Interrogating Organizational Meta-principles Regarding Talent

MNCs have an active presence in a number of different countries; as such, they confront two challenges. First, each regional center must operate effectively within its immediate task environment, recognize local opportunities and threats, and respond and adapt to country-specific conditions. Second, the MNC must also preserve a sense of organizational continuity in terms of a consistent culture, coordinated strategic direction, and integrated leadership and governance throughout all of its differently located units. These two forces—one centrifugal, diverging, and moving toward fragmentary difference; the other centripetal, converging, and moving toward unifying similarity—must be continuously balanced. As part of that balancing process, each MNC must uniquely decide on the degree to which its headquarters and national units are centralized, coordinated, or autonomous in their operations [29].

So far as talent is concerned, the MNC presents an interesting case. The international reach of their different national presences provides the MNC with the opportunity to recruit, develop, and retain talent that would not have otherwise been available domestically. However, two understandings are required to capitalize on this opportunity. First, talent has to be seen as spread widely and generally, not as being limited, restricted, or aggregated in specific geographic regions—particularly the organization’s headquarters and its home country. Second, talent needs to be understood not as an abstract personal attribute or potential capacity, but as something that is contextually determined, situationally salient, and differently recognized [5, 24].
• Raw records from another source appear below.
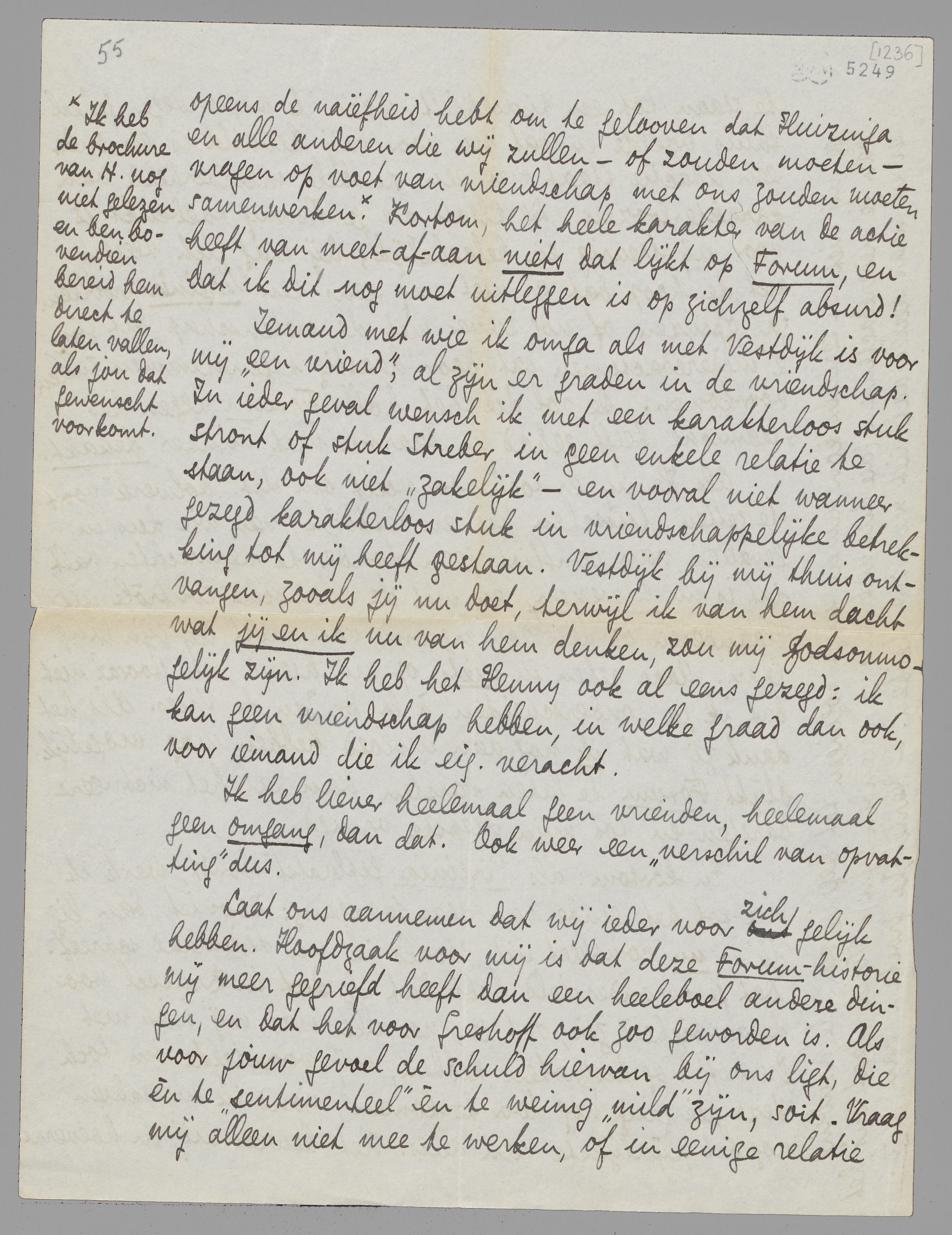 De vergelijking van een actie en masse, die ik als correspondent voor Vigilance tracht te bereiken, en waarin Kramers en Gans en wie maar verder wil en in aanmerking komt, meteen in het comité kunnen gaan zitten, met Forum, waarvan jij zelf telkens zei dat de vriendschapsverhouding de voornaamste kracht uitmaakte, is absurd. In een hollandsche organisatie tegen het fascisme wil ik geen enkele rol spelen behalve ‘ervoor doen wat ik kan’, hoofdzaak is dat er een massa tegen Mussert komt. De leiding daarvan komt vanzelf in handen van allerlei anderen en als het ons niet bevalt, betalen wij ons lidmaatschap en daarmee uit. Ik begrijp niet dat jij hier opeens de naïefheid hebt om te gelooven dat Huizinga en alle anderen die wij zullen - of zouden moeten - vragen op voet van vriendschap met ons zouden moeten samenwerken. [Ik heb de brochure van H. nog niet gelezen en ben bovendien bereid hem direct te laten vallen, als jou dat gewenscht voorkomt.] Kortom, het heele karakter van de actie heeft van meet-af-aan niets dat lijkt op Forum, en dat ik dit nog moet uitleggen is op zichzelf absurd!
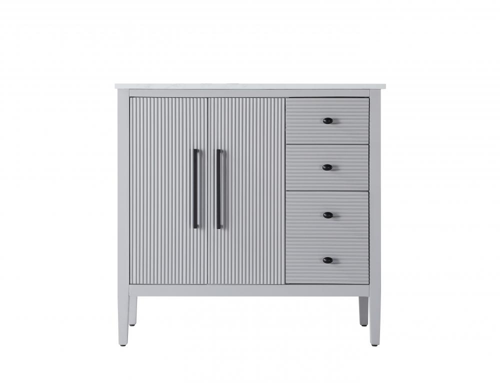 The textured fluted design on the door and drawer panels adds visual interest and elegance, creating a balance of classic charm and contemporary style.
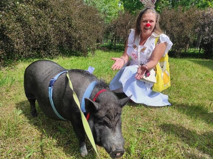 Хочу познакомить совего поросенка с местным, но его уже уводят, выманивая на виноградинку. Хрюня негодует и начинает охоту за ушами. Чмокает всех в щеки, пытается утащить носки и ведет себя из рук вон плохо. Но всем нравится, и мне приходится смириться.
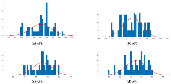 The experimental results of the tests are shown in Figure 2. With the experimental results of the Kolmogorov–Smirnov [33,34,35,36] test analysis, if the test rejects the null hypothesis at significant level, the signal strengths from the unknown nodes to the four APs have a non-Gaussian distribution.
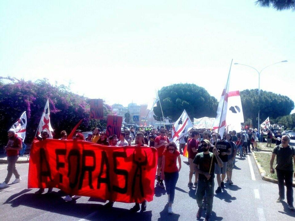 E’ partito questa mattina alle 11:30 da piazza dei Centomila il corteo antimilitarista organizzato dal collettivo A Foras. In centinaia si sono dati appuntamento per protestare contro l’occupazione militare della Sardegna, il transito nei comuni e nei porti sardi di armi, ordigni e mezzi bellici. Questi i motivi della protesta che li vedrà protagonisti nella giornata di oggi a Cagliari.
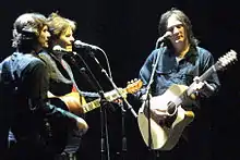 (L-R) Middleton, Fanning, and Haug performing an acoustic version of "Sunsets" on the Across the Great Divide tour on 8 September 2007.
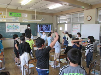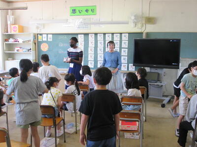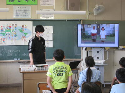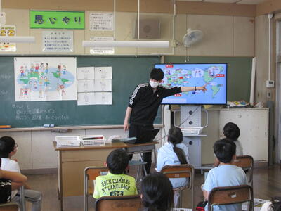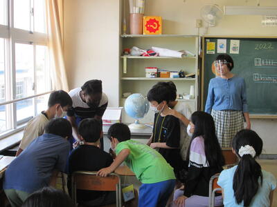 ほかの学年に行ってみると、4年生では、子どもたちと担任の先生が外国語活動の授業を行っていました。
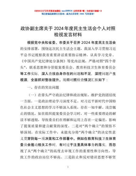 / 政协副主席关于2024年度民主生活会个人对照检视发言材料
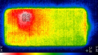 Нагрев выше в верхней части и левее центра, что, видимо, соответствует расположению микросхемы SoC. По данным теплокамеры, максимальный нагрев составил 35 градусов (при температуре окружающего воздуха в 24 градуса), это относительно немного.
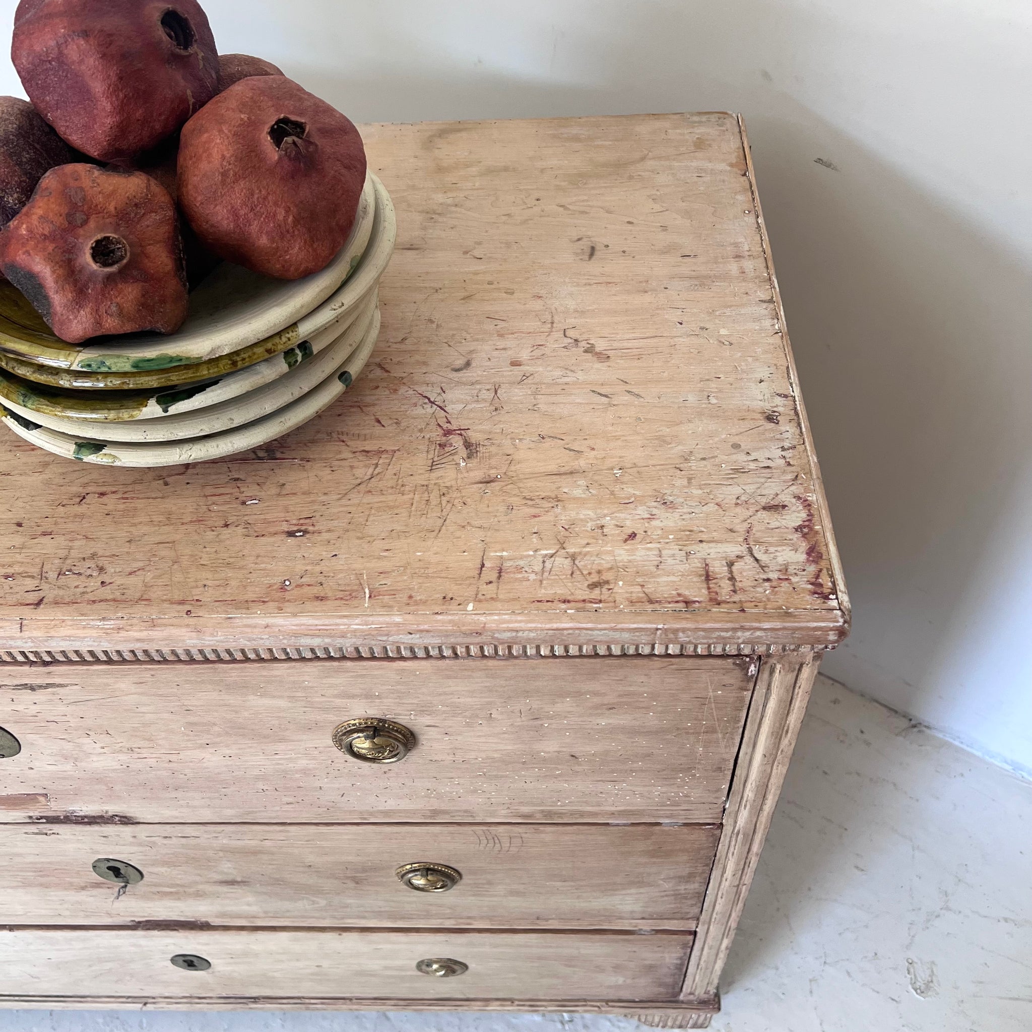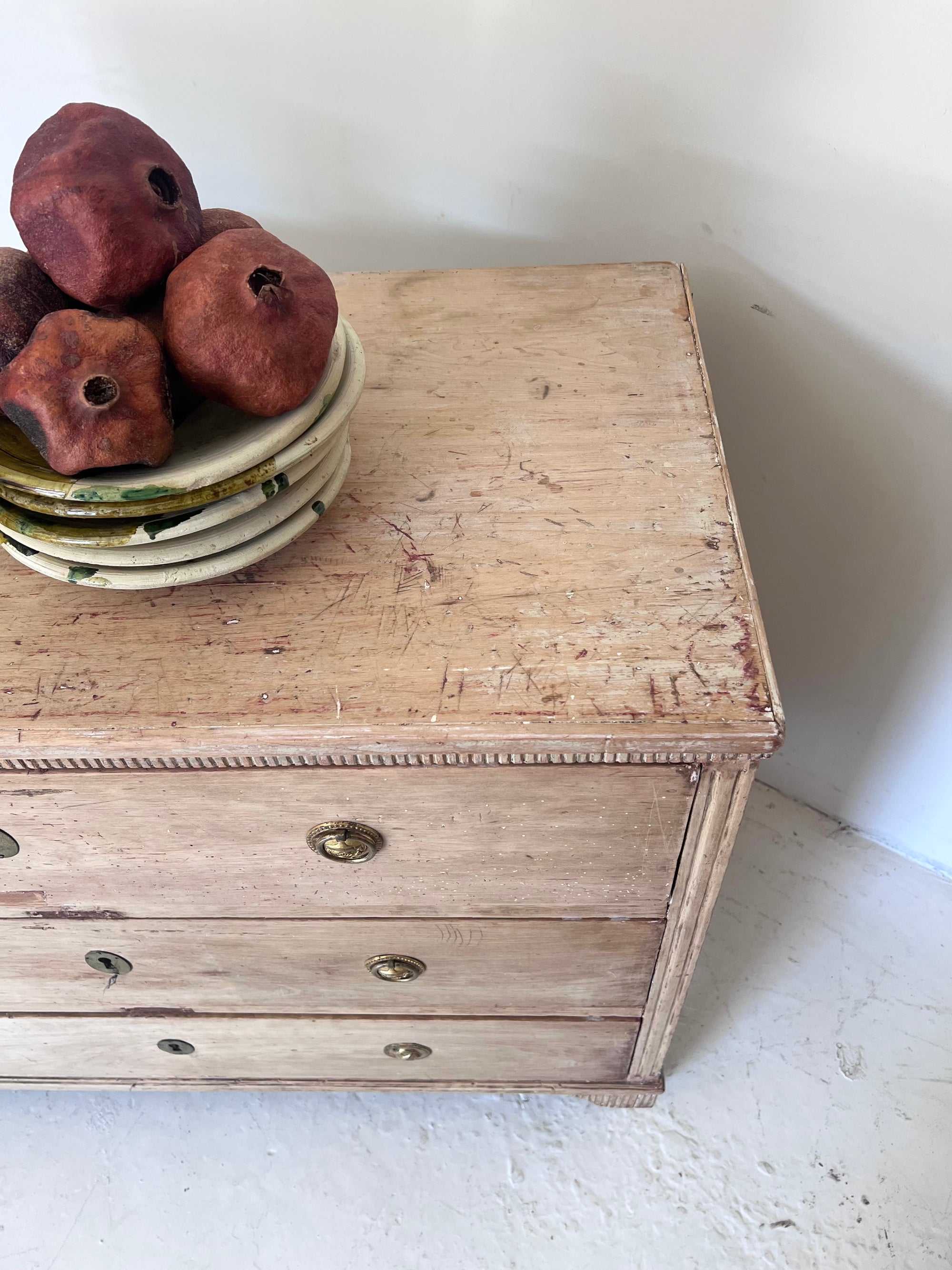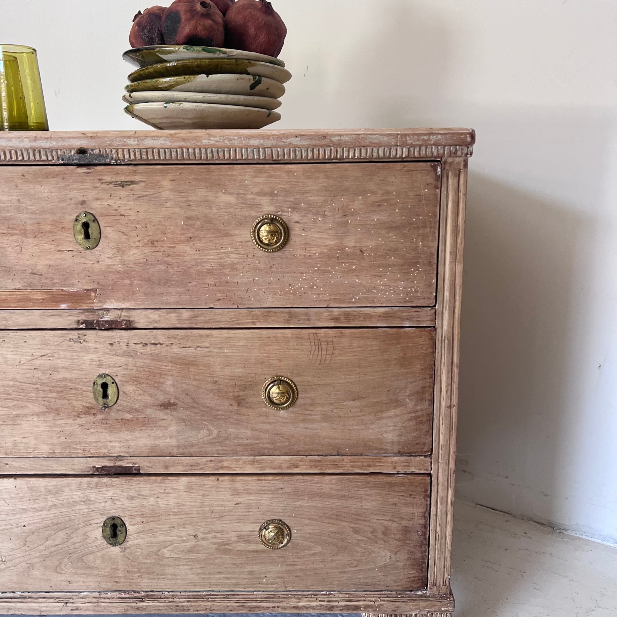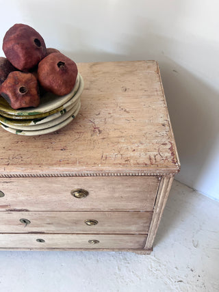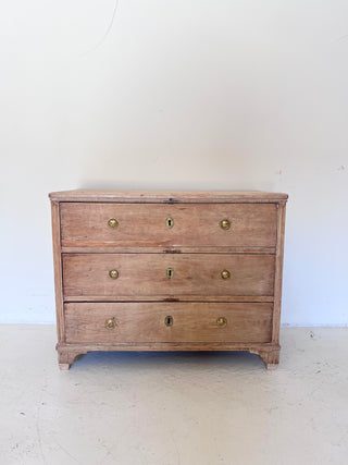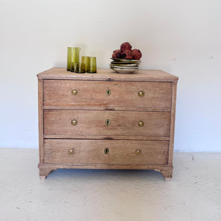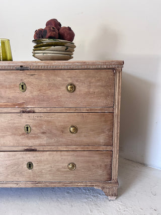 Comoda sueca, de estilo gustaviano, original de S XIX.  De madera de lavada, tiradores de latón y tres cajones. De líneas rectas y acabados suaves, esta pieza combina la sobriedad del estilo clásico con la funcionalidad actual. Los tiradores de latón aportan un detalle elegante y atemporal.
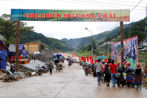 Chợ phiên Mù Cang Chải được tổ chức tại Sân vận động huyện với 32 gian hàng của 12 xã, thị trấn
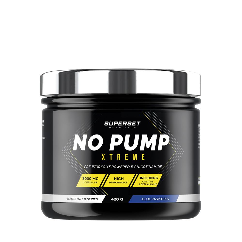 Propel your performance with NO PUMP XTREME (420G). Feel the power of a pre-workout designed for serious athletes. NO PUMP XTREME (420G) is enriched with specific ingredients to help you reach your goals, whatever the challenge. With an optimal dose of creatine, this supplement prepares you to give your best in every session. Performance enhancement: 3.3g of creatine monohydrate to boost your high-intensity workouts. Fatigue control: 3g of beta-alanine to reduce muscle fatigue and prolong your efforts. Optimized blood flow: 3g of L-citrulline to promote better blood flow for extreme workouts. Effective and complete preparation. Elevate your sessions with a formula that supports every aspect of your training. NO PUMP XTREME (420G) combines proven ingredients for unparalleled performance. Whether you're bulking or cutting, this pre-workout adapts to your needs. Stimulating caffeine: increases your endurance and reduces the perceived exertion for more effective workouts. Vitamin B3: helps reduce fatigue and supports optimal energy metabolism for visible results. Targeted formula: composed of key ingredients, each scoop provides essential support to push your limits. It also contains sweeteners, like most pre-workouts. Flavors for every taste: Mojito, Long Island Iced Tea, Piña Colada, Cherry Sour, Blue Raspberry. Savor the extreme freshness of this pre-workout. Don't compromise on taste to reach your goals. With NO PUMP XTREME, you'll enjoy irresistible flavors that make every serving enjoyable and motivate you to push your limits. Fresh flavors that transform each serving into a moment of pleasure. Enhanced motivation to push you to reach your goals, even during workouts. INGREDIENTS Mojito Ingredients: Micronized creatine monohydrate 24 , L-citrulline 21 , beta-alanine 21 , maltodextrin, taurine 6.4 , acid (citric acid), acidity regulators (sodium phosphate, potassium phosphates, magnesium phosphates), flavorings, anhydrous caffeine 1.4 , sweeteners (acesulfame K, sucralose), nicotinamide. Certified anti-doping, non-GMO and Halal. Ingredients Long Island Ice Tea: micronized creatine monohydrate 24 , L-citrulline 21 , beta-alanine 21 , maltodextrin, taurine 6.4 , flavourings, acidity regulators (sodium phosphate, potassium phosphates, magnesium phosphates), acid (citric acid), anhydrous caffeine 1.4 , sweeteners (acesulfame K, sucralose), colour (ammoniacal sulfite caramel), nicotinamide. Certified anti-doping, GMO-free, and Halal. Piña Colada Ingredients: Micronized creatine monohydrate 24 , L-citrulline 21 , beta-alanine 21 , maltodextrin, flavorings, taurine 6.4 , acidity regulators (sodium phosphate, potassium phosphates, phosphate). DIRECTIONS Take one 14g serving (2 scoops) in 400ml of cold water 30-45 minutes before training. Shake well and drink. Take one serving per day. SAFETY WARNING Precautions: Food supplements should be used as part of a healthy lifestyle and not as a substitute for a varied and balanced diet. Contains caffeine: 200mg per 14g. Do not exceed the recommended daily intake. Excessive consumption Sweeteners may have a laxative effect. Not recommended for children, teenagers, pregnant or breastfeeding women. Keep out of reach of children. Allergens: milk, eggs, soy, peanuts, tree nuts, celery, fish, crustaceans, mollusks, and foods containing sulfur dioxide. Storage: Keep tightly closed in a dry place between 5-30 C. Do not expose to heat, light, or humidity. See moreSuperset Nutrition - No Pump Xtreme (420gr) - PreWorkout - La référence des pré-workout intenses enrichie en créatine ! - Blue RaspberryDESCRIPTION DU PRODUIT DESCRIPTION DU PRODUIT Propulse tes performances avec le NO PUMP XTREME (420GR) Ressens la puissance d'un pré-workout conçu pour les athlètes sérieux. Le NO PUMP XTREME (420GR) est enrichi en ingrédients spécifiques pour t'aider à atteindre tes objectifs, quel que soit le défi. Avec une dose optimale de créatine, ce complément te prépare à donner le meilleur de toi-même à chaque séance.Amélioration des performances : 3,3 g de créatine monohydrate pour booster tes exercices de haute intensité.Fatigue maîtrisée : 3 g de bêta-alanine pour réduire la sensation de fatigue musculaire et prolonger tes efforts.Optimisation du flux sanguin : 3 g de L-citrulline pour favoriser un meilleur afflux sanguin, pour des entraînements extrêmes. Préparation Efficace et Complète Élève tes séances avec une formule qui soutient tous les aspects de ton entraînement. Le NO PUMP XTREME (420GR) combine des ingrédients éprouvés pour une performance inégalée. Que tu sois en phase de prise de masse ou de sèche, ce pré-workout s'adapte à tes besoins.Caféine stimulante : augmente ton endurance et diminue la perception de l'effort pour des entraînements plus performants.Vitamine B3 : aide à réduire la fatigue et soutient un métabolisme énergétique optimal, pour des résultats visibles.Formule ciblée : composé d'ingrédients clés, chaque scoop t'apporte un soutien essentiel pour dépasser tes limites. Il contient aussi des édulcorants comme la plupart des pré-workouts. Des parfums pour tous les goûts Mojito Long Island Ice Tea Piña Colada Cherry Sour Blue Raspberry Savoure l'Extrême Fraîcheur de ce Pré-workout Ne fais pas de compromis sur le goût pour atteindre tes objectifs. Avec NO PUMP XTREME, tu profites de saveurs irrésistibles qui rendent chaque dose agréable et te motivent à te dépasser.Des saveurs fraîches, qui transforment chaque prise en un moment de plaisir.Motivation renforcée pour te pousser à atteindre tes objectifs, même pendant les entra INGRÉDIENTS Ingrédients Mojito : créatine monohydrate micronisée 24 , L-citrulline 21 , bêta-alanine 21 , maltodextrine, taurine 6,4 , acidifiant (acide citrique), correcteurs d'acidité (phosphate de sodium, phosphates de potassium, phosphates de magnésium), arômes, caféine anhydre 1,4 , édulcorants (acésulfame K, sucralose), nicotinamide. Certifié

It is suggested that a deeper exploration of these competing assumptions about talent—assumptions that are sometimes not clearly articulated but which are implicitly embedded in talent management practice—can provide the MNC with a better understanding of how it really understands talent, how it might effectively mobilize and deploy its global talent, and how it might be possible to create a comprehensive HR architecture within the organization that can facilitate such redistributions [30, 31].